(GIVEN RECORDS):
>>>

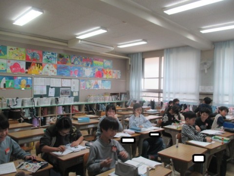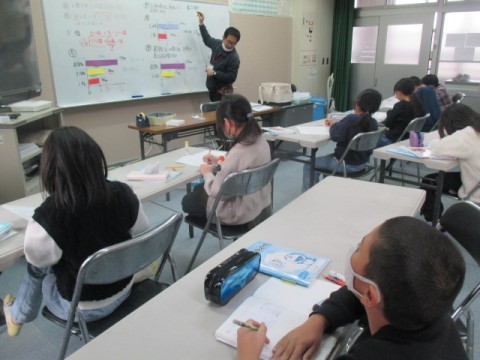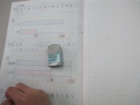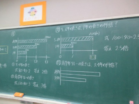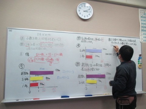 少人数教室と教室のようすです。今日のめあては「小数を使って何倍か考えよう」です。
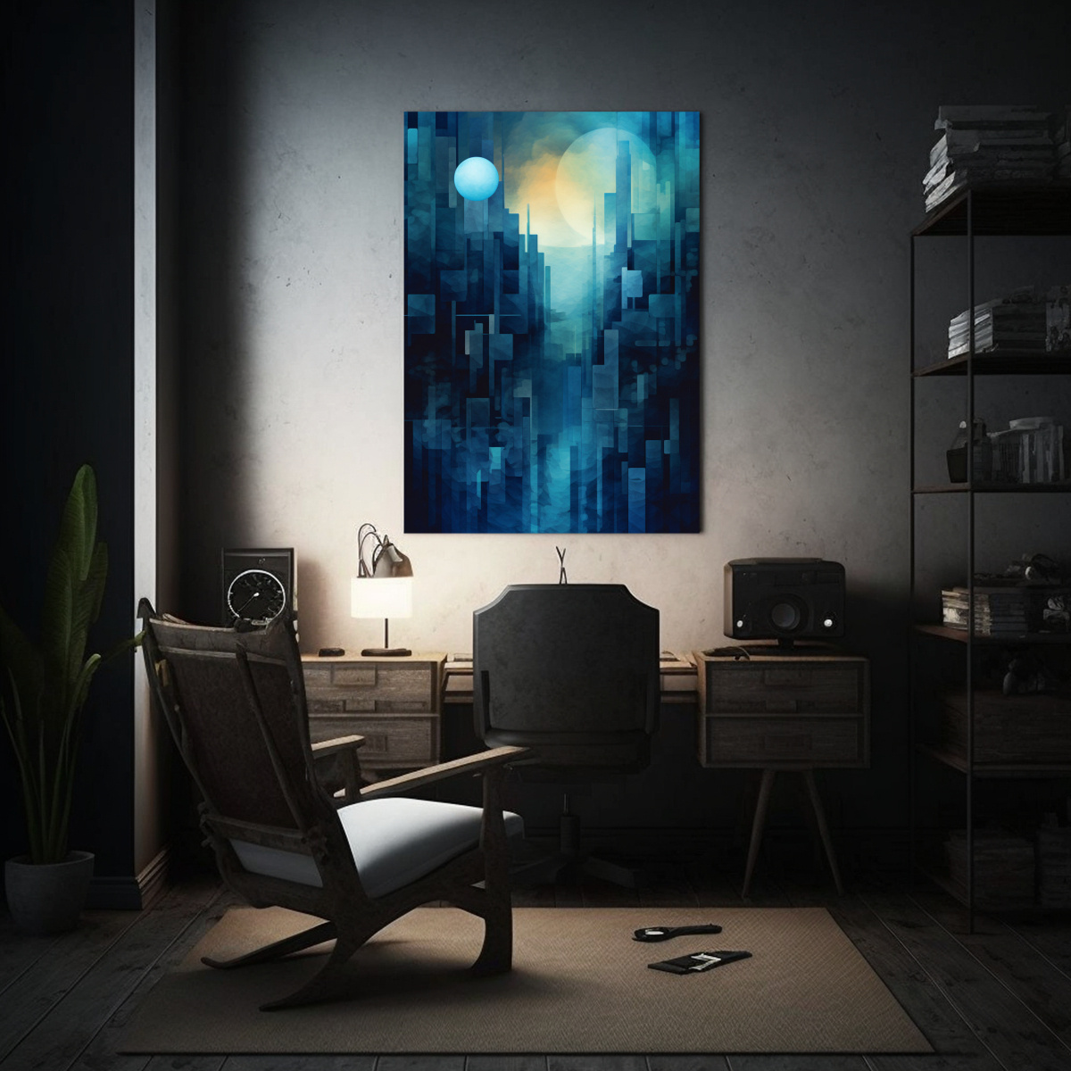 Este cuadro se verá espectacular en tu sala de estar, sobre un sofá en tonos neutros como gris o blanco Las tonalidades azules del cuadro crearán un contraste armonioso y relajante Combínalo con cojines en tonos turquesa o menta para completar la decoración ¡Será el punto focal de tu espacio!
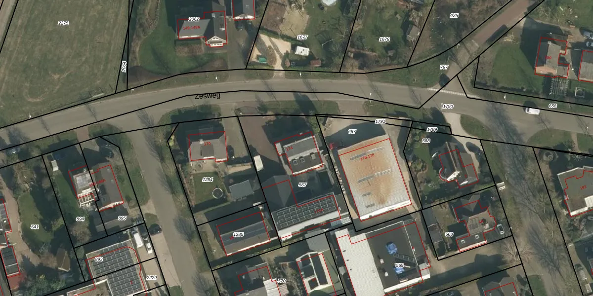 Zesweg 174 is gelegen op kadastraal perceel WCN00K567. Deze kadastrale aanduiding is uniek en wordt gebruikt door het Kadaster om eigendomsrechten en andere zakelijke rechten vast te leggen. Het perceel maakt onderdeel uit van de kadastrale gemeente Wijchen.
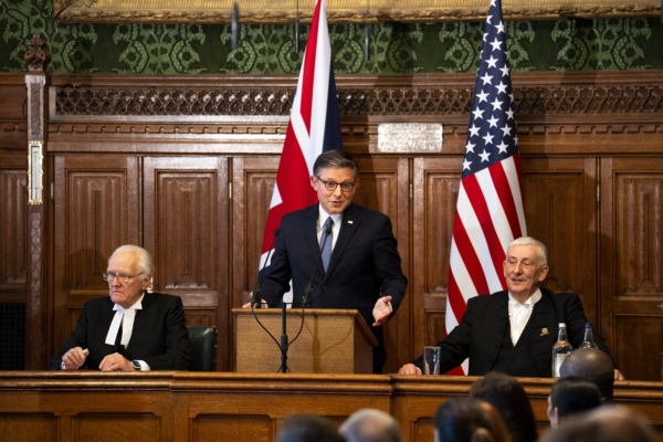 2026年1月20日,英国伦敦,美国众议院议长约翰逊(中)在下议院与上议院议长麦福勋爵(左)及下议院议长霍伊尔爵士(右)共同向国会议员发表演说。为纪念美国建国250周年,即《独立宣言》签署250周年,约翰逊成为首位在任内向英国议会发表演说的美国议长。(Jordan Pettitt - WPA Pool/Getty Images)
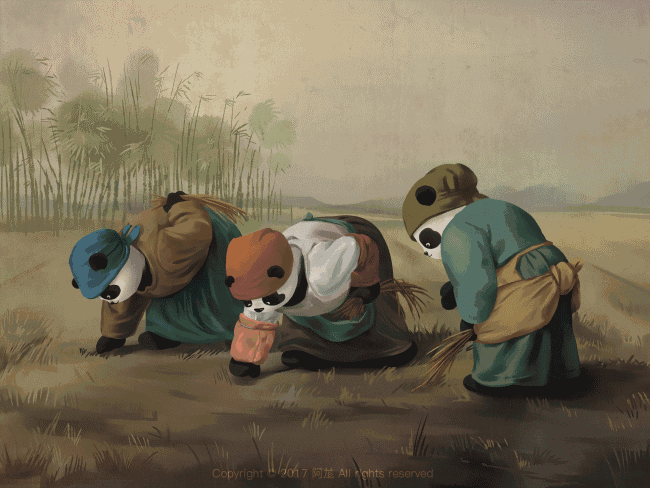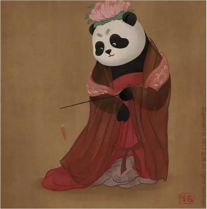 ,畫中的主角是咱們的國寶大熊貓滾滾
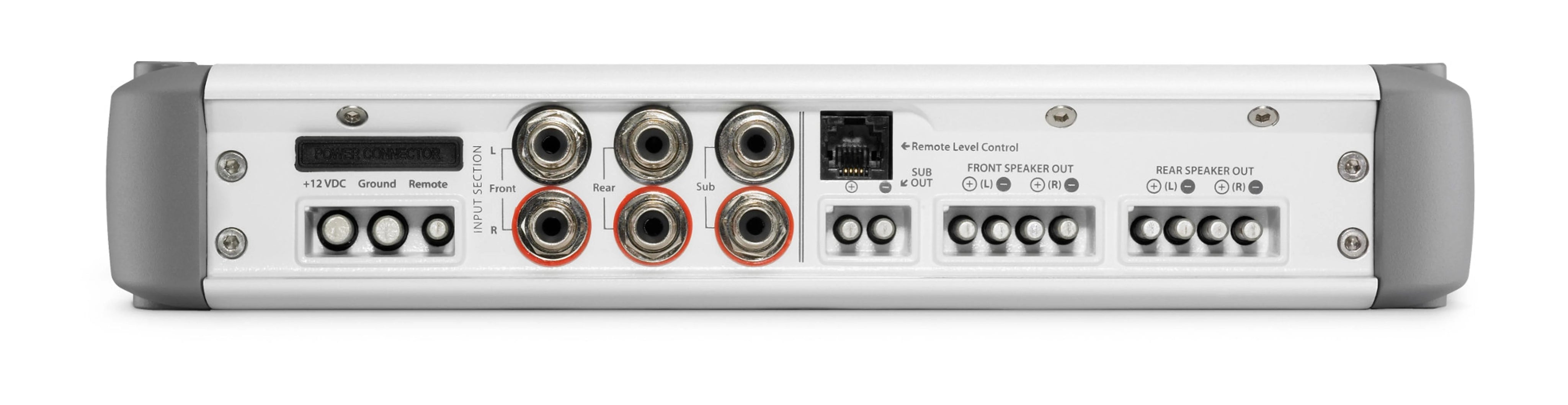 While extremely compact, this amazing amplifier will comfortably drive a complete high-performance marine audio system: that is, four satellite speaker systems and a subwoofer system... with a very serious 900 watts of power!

<<<
>>>

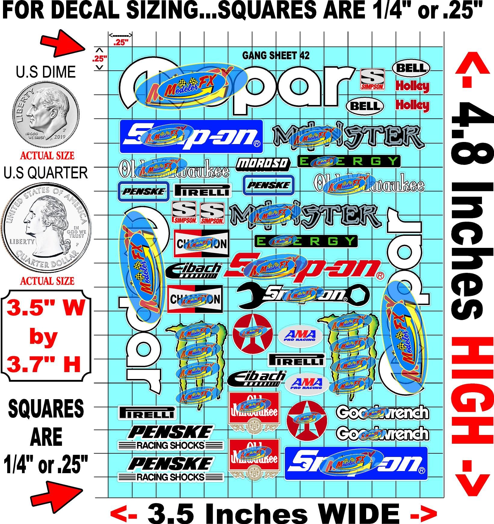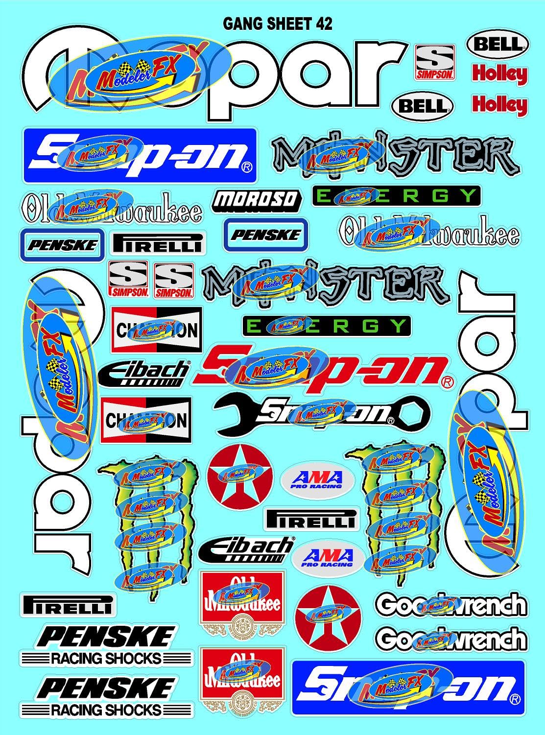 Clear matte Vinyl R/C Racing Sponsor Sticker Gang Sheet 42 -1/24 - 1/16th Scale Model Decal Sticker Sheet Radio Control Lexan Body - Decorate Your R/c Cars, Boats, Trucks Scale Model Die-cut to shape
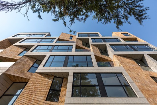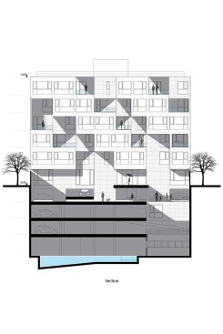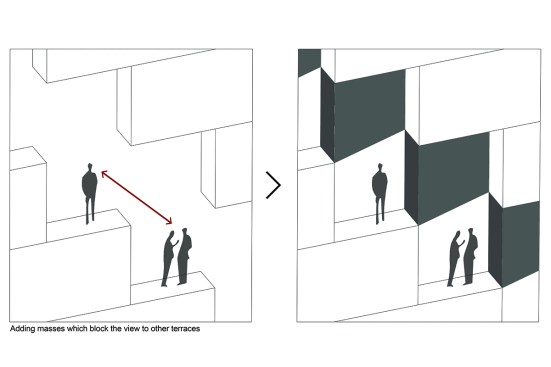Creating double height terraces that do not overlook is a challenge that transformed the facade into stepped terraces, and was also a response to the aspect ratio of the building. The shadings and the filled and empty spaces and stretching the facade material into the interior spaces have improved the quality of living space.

<<<
>>>

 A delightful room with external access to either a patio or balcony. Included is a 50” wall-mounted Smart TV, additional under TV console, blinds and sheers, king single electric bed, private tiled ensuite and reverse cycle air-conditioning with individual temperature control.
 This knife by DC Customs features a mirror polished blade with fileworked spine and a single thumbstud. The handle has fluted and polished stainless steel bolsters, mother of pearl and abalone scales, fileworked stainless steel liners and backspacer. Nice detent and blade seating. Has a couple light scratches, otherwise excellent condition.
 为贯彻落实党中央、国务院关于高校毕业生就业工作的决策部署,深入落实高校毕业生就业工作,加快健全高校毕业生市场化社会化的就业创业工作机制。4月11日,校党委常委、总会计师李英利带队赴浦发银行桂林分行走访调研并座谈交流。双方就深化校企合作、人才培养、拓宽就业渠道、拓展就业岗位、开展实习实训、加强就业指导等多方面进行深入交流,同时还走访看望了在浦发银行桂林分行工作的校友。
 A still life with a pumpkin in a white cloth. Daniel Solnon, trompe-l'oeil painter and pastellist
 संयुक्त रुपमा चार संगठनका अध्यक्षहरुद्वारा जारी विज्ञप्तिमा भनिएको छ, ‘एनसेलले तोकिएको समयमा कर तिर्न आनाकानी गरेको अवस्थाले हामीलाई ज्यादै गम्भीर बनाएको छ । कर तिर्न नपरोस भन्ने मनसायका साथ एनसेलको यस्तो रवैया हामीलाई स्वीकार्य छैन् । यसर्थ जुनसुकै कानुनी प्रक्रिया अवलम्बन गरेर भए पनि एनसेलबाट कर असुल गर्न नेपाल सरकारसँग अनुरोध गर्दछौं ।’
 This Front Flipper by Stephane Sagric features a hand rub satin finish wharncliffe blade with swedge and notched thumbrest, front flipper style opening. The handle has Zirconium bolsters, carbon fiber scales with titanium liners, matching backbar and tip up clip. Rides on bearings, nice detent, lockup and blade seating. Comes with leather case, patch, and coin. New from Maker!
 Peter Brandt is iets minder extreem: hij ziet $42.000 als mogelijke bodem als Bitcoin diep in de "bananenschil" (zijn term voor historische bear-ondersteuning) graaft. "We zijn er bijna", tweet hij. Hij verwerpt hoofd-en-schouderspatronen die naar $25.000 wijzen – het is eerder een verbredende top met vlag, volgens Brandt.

<<<

(TASK PROMPT): Of the lines above, retype only those from the line containing "A delightful room" through the line containing "संयुक्त रुपमा चार", including both, exactly.

(PROBLEM SOLUTION):
 A delightful room with external access to either a patio or balcony. Included is a 50” wall-mounted Smart TV, additional under TV console, blinds and sheers, king single electric bed, private tiled ensuite and reverse cycle air-conditioning with individual temperature control.
 This knife by DC Customs features a mirror polished blade with fileworked spine and a single thumbstud. The handle has fluted and polished stainless steel bolsters, mother of pearl and abalone scales, fileworked stainless steel liners and backspacer. Nice detent and blade seating. Has a couple light scratches, otherwise excellent condition.
 为贯彻落实党中央、国务院关于高校毕业生就业工作的决策部署,深入落实高校毕业生就业工作,加快健全高校毕业生市场化社会化的就业创业工作机制。4月11日,校党委常委、总会计师李英利带队赴浦发银行桂林分行走访调研并座谈交流。双方就深化校企合作、人才培养、拓宽就业渠道、拓展就业岗位、开展实习实训、加强就业指导等多方面进行深入交流,同时还走访看望了在浦发银行桂林分行工作的校友。
 A still life with a pumpkin in a white cloth. Daniel Solnon, trompe-l'oeil painter and pastellist
 संयुक्त रुपमा चार संगठनका अध्यक्षहरुद्वारा जारी विज्ञप्तिमा भनिएको छ, ‘एनसेलले तोकिएको समयमा कर तिर्न आनाकानी गरेको अवस्थाले हामीलाई ज्यादै गम्भीर बनाएको छ । कर तिर्न नपरोस भन्ने मनसायका साथ एनसेलको यस्तो रवैया हामीलाई स्वीकार्य छैन् । यसर्थ जुनसुकै कानुनी प्रक्रिया अवलम्बन गरेर भए पनि एनसेलबाट कर असुल गर्न नेपाल सरकारसँग अनुरोध गर्दछौं ।’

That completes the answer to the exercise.